Let me just say this before I turn it over to you, Congressman.
America has suffered 11 straight months of joblessness, of increasing job losses, totaling more than two million in the last year, 1.3 million jobs lost in the last 3 months alone. The job losses totaled over 500,000 in November, the biggest 1-month jump in 34 years. Now that's serious business.
So, facing these kinds of things, Congressman, what would be your thought as to what we should be thinking about right now?
Let me yield to you.
Okay. Before I answer that, Congressman, I do want to talk about--you mentioned something very interesting and that is the lack of regulation in the financial markets.

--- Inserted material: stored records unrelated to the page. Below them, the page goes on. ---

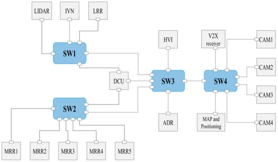 To evaluate the performance of the schedule generated by the machine learning (ML)-based optimization algorithm, a network for the autonomous driving system of a large vehicle, such as a bus, was considered. As shown in Figure 4, the network was configured with 17 end stations and four SWs [26]. All links constituting the network were set to a 100 Mbps Ethernet full-duplex, and the information related to the 27 flows transmitted over the network was configured as summarized in Table 1. The experimental environment for performance evaluation is based on the autonomous hydrogen bus project conducted with H Company in Korea and is designed with a structure for autonomous driving, including four cameras, five radars, DCU, V2X, HVI, and ADR. Here, the IVN sensor refers to a module that converts CAN messages generated from vehicle parts into Ethernet messages and acts as a gateway for communication between sensors with different protocols.
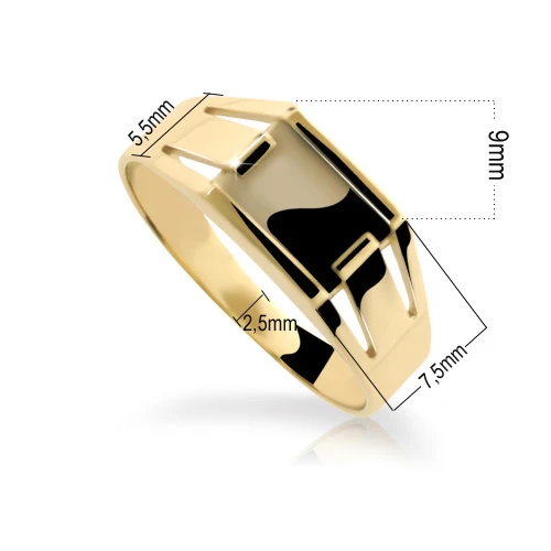 Zlatý prsten s onyxem. Prsten je vyrobený ze žlutého zlata 585/1000. Hladký leštěný povrch doplňuje lesklý onyx. Rozměr pečetidla s onyxem 9x7,5mm. Obroučka prstenu je v nejširším bodě široká 7,5mm a postupně se zužuje na 2,5mm. Rozměry prstenu najdete zobrazené na podpůrné fotografii.
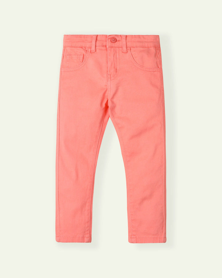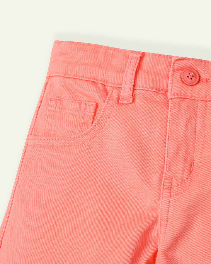 Introducing a perfect blend of comfort and style in a delightful peach color. These pants are lightweight and allow your little ones to move with ease. – Branded Hopscotch Button on Waist – Twill – Machine Wash Cold
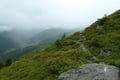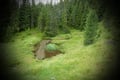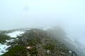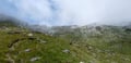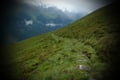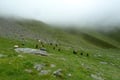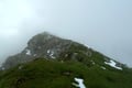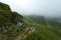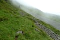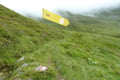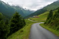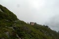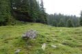 auf einer grünen Hochfläche knapp unterhalb des Gipfels. Auffällig wurde die Freihut von Zeit zu Zeit mit ihrer riesigen Schutthalde, von der immer wieder Steine bis auf die Straße
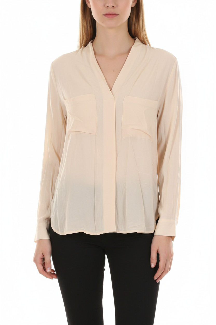 NOA NOA Dámská béžová košile dlouhý rukáv elegantní volná s náprsními kapsami Vel. 38
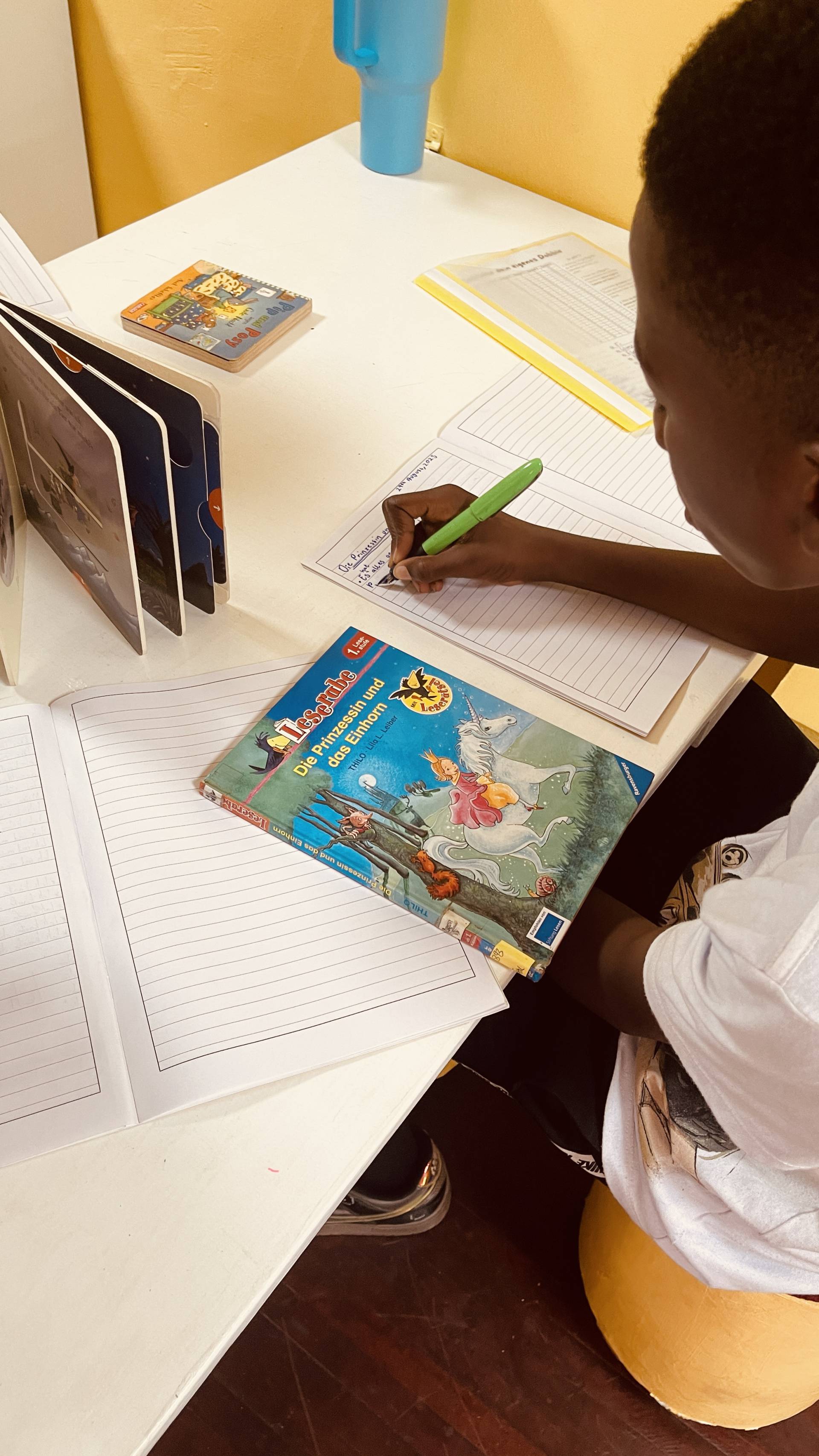 Auch diese Woche zog es die DaF-Klasse 7/8 in die Schulbibliothek – doch diesmal stand nicht das Lesen, sondern das Fantasieren im Mittelpunkt. Jeder suchte sich ein Buch ausschließlich nach dem Cover aus und schrieb dazu eine kleine Geschichte. Die Ergebnisse reichten von witzig bis abenteuerlich und bewiesen eindrucksvoll: Ein Bild kann eine ganze Welt eröffnen!
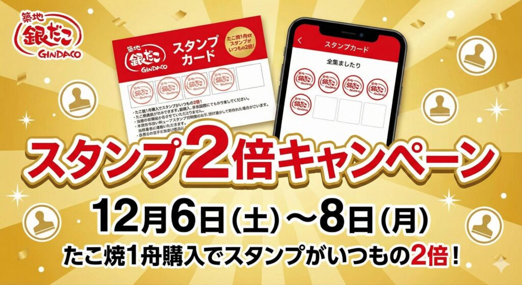 390円セールに続き、12月6日(土)〜8日(月)の3日間は、「銀だこスタンプカード」のスタンプが2倍になるキャンペーンも実施されます:
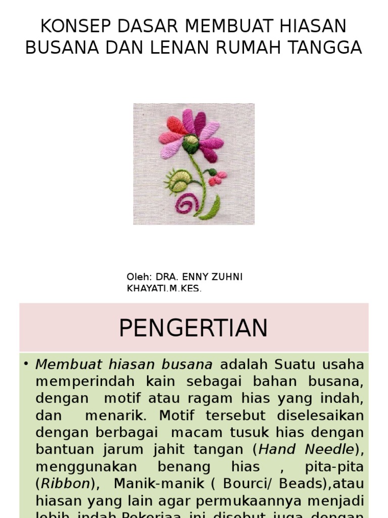 KONSEP DASAR MEMBUAT HIASAN BUSANA DAN LENAN RUMAH TANGGA - ppt download
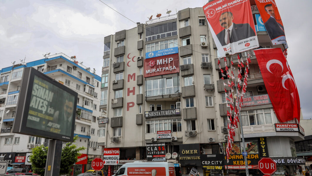 İYİ Parti Antalya Milletvekili Adayı Ayşen Kurt, MHP Muratpaşa İlçe Binası önüne “Sinan Ateş İçin Adalet Tecelli Edecek” yazılı reklam verdi.
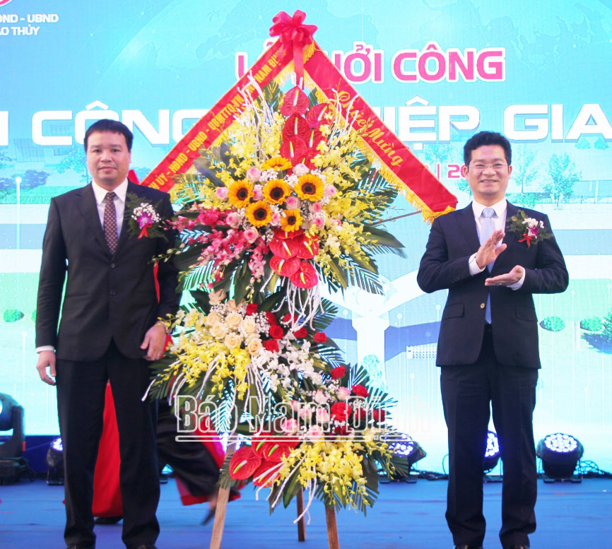 | Đồng chí Phó Chủ tịch Thường trực UBND tỉnh Trần Anh Dũng tặng hoa, chúc mừng nhà đầu tư. |

Oil futures contracts were taken out of the regulatory process by the laws of a senator who would become the Republican nominee for president's financial adviser. And now we have that candidate, that unsuccessful candidate for President, proposing his own economic plan, is what he said he was going to do.
And it took me back to as a young man, my dad decided that he wanted to get under the sink and do something with the plumbing. And he's like a college-educated guy. Never took any plumbing classes or anything. But anyway, we came out of that situation with puddles and puddles of water in the kitchen. So, you know, my mother called in the plumber. She did not entrust fixing what had been messed up to the guy who messed it up.
And so that's where we are right now with our economic plans in this country, our--we call it the stimulus package.
If I can reclaim my time.
The American Recovery and Reinvestment Act.
I yield back to the gentleman.
Yes. Thank you.
So we've got a group of folks who were right here as you say, Congressman Ellison, they were right here in this very Chamber, and they had the leadership up until 2006; and they aided and abetted this country's decline and all of the things that contributed to it.
And so but now they want to dictate the solutions to getting us out of this morass. And it just doesn't make sense.
I hope the American people are paying great attention because my friends on the other side of the aisle, the only thing that they propose is more tax cuts for the wealthiest 10 percent, and that's certainly not going to work.
We've got to take care of our basic safety net. We've got people in this country who've lost their jobs, they've lost their homes. They are on the street--families, no place to live, no food. And so we've got to fix those things while we also pay attention to the future needs of this country preparing us for the global economy and the long-term future.
And with that, Congressman. I'm going to yield back.
Congressman Johnson has correctly pointed out that we have got people losing their jobs. Unemployment is climbing up to 10 percent in many States, and we don't want to reach that point nationally. But one of the things that I think you will agree with me, Congressman Johnson, is that when you lose your job in America, so often you also lose something else--your health care.
You and I have been joined by Jim McDermott from the great State of Washington, who has been fighting the good fight for so long, knows this issue of health care, and many other issues as well.
Congressman McDermott, welcome. What can you tell us about the other side of losing a job, or even folks who do have a job, their health care crisis?
You know, first, I want to say that I want to commend you, Keith, for bringing this issue of the real vision we need at a time like this. People are looking out there and feeling pretty bummed out by an awful lot of what is going on. Yet, America has been able to rise above things like this in the past, and we are going to do it again.
One of the issues the last time we had this kind of mess--in 1932--that we didn't get done, was health care for everybody. Now, when you lose your job, that is bad enough. Not to have money to send your kids to college, just to barely pay the mortgage and maybe keep some food on the table, keep the car running, and that is all, and suddenly not be able to take your kids to the doctor when you're sick is a horrible feeling as a parent because your kids look to you to take care of them. They haven't got anybody else.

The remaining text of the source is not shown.